● SUPPLIED DATA:
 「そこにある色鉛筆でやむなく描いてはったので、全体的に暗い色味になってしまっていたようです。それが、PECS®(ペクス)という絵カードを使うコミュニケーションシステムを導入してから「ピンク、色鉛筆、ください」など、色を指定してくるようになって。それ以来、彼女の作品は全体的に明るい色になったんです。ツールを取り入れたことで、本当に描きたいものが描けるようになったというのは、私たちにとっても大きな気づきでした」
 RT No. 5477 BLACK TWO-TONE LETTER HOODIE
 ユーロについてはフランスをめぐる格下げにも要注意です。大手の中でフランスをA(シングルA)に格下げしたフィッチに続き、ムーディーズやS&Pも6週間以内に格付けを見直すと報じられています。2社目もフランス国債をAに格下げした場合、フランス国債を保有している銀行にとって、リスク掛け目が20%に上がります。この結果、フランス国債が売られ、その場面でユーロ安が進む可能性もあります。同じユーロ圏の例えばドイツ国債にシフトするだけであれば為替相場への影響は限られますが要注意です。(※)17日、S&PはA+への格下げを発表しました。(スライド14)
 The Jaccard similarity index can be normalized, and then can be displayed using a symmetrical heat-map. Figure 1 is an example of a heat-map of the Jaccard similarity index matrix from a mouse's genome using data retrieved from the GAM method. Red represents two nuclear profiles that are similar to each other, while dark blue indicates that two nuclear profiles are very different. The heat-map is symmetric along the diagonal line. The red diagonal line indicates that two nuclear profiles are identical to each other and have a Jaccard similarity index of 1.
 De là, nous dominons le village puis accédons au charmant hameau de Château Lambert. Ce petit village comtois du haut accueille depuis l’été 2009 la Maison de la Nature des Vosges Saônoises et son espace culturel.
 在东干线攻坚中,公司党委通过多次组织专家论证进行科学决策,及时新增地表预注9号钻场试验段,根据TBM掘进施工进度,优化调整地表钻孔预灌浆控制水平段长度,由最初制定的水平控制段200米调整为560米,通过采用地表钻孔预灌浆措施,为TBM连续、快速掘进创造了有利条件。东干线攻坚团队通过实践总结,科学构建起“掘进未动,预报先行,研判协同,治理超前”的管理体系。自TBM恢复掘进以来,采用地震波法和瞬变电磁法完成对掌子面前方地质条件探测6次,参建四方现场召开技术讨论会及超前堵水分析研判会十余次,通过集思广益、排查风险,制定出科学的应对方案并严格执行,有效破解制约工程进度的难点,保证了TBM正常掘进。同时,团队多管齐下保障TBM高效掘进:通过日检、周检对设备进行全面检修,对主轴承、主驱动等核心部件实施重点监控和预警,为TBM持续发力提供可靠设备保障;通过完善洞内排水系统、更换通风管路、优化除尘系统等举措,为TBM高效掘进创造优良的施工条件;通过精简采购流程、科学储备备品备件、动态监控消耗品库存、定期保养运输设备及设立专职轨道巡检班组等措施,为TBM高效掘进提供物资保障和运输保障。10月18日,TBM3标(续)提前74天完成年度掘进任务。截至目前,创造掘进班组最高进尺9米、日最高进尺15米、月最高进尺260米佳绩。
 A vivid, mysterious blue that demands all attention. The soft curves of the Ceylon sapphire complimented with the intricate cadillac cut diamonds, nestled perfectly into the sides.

* * *

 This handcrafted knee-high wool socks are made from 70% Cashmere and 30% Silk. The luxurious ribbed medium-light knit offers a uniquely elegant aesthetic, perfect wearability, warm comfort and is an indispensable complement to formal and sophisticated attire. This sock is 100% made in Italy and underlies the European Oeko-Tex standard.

---

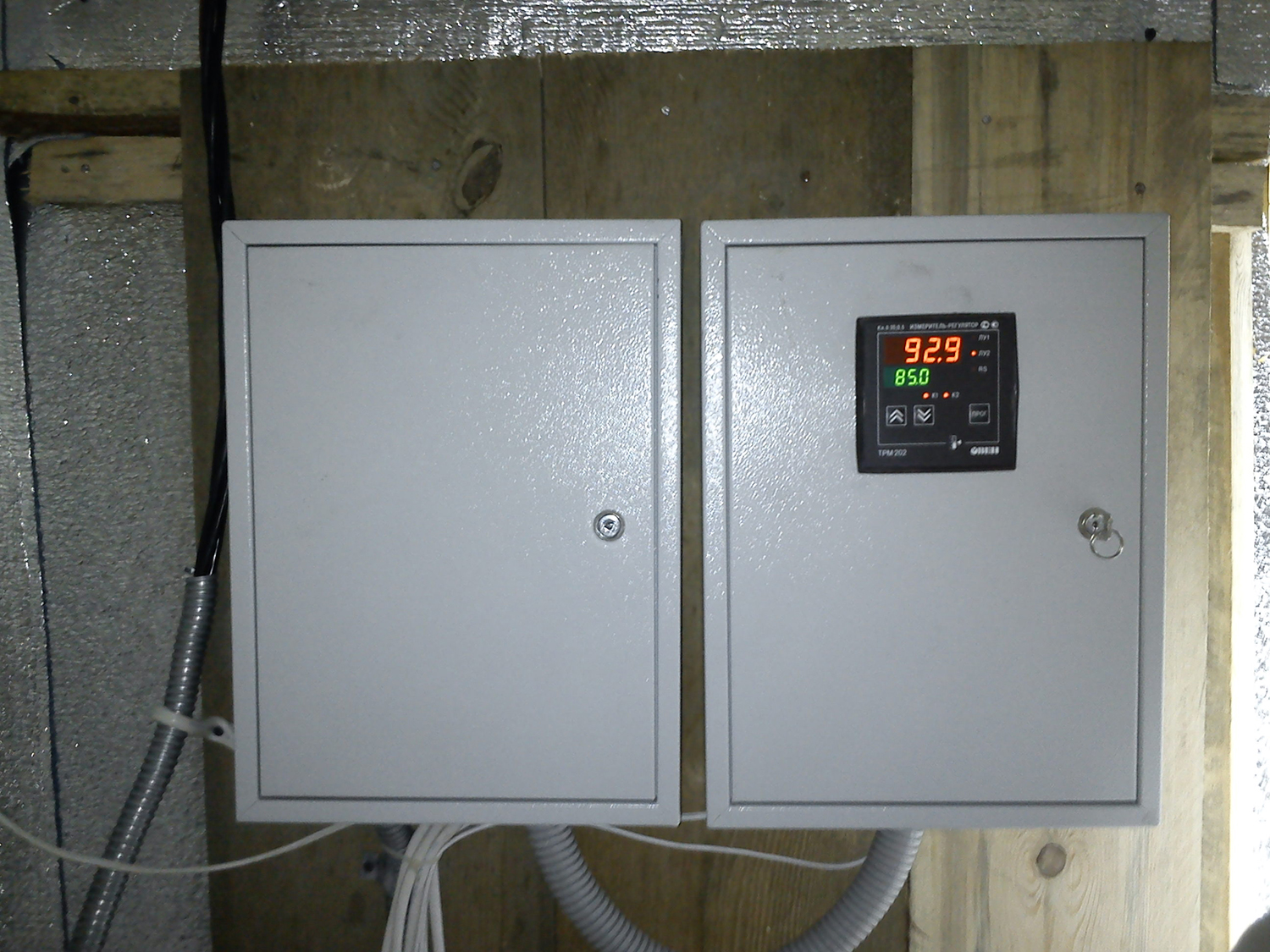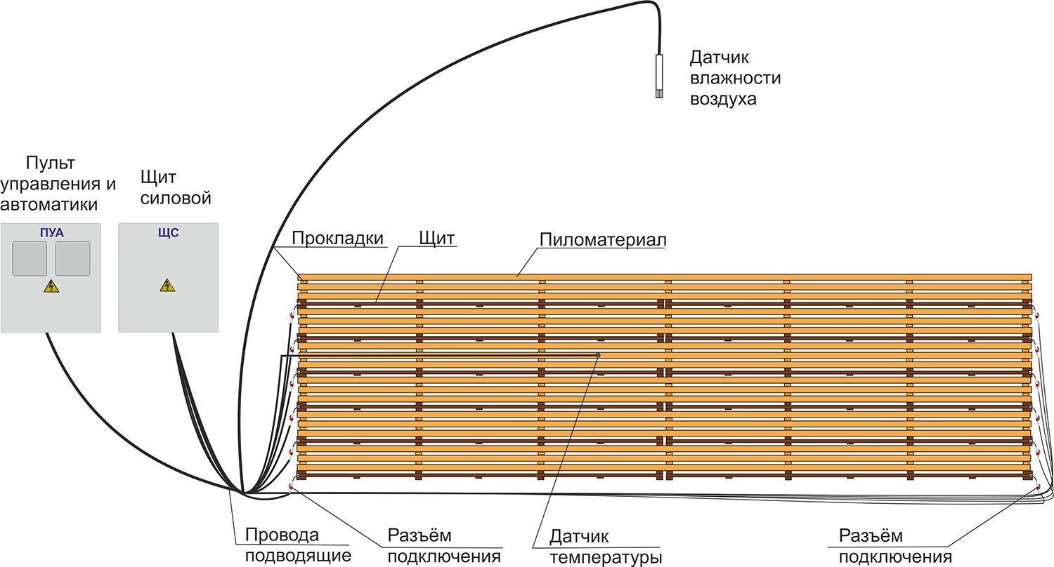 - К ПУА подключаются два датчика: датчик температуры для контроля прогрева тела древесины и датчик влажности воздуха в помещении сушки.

● EXERCISE PROMPT: Tell how many lines of the records above contain "blue", replying with the number only.

● EXPECTED ANSWER: 2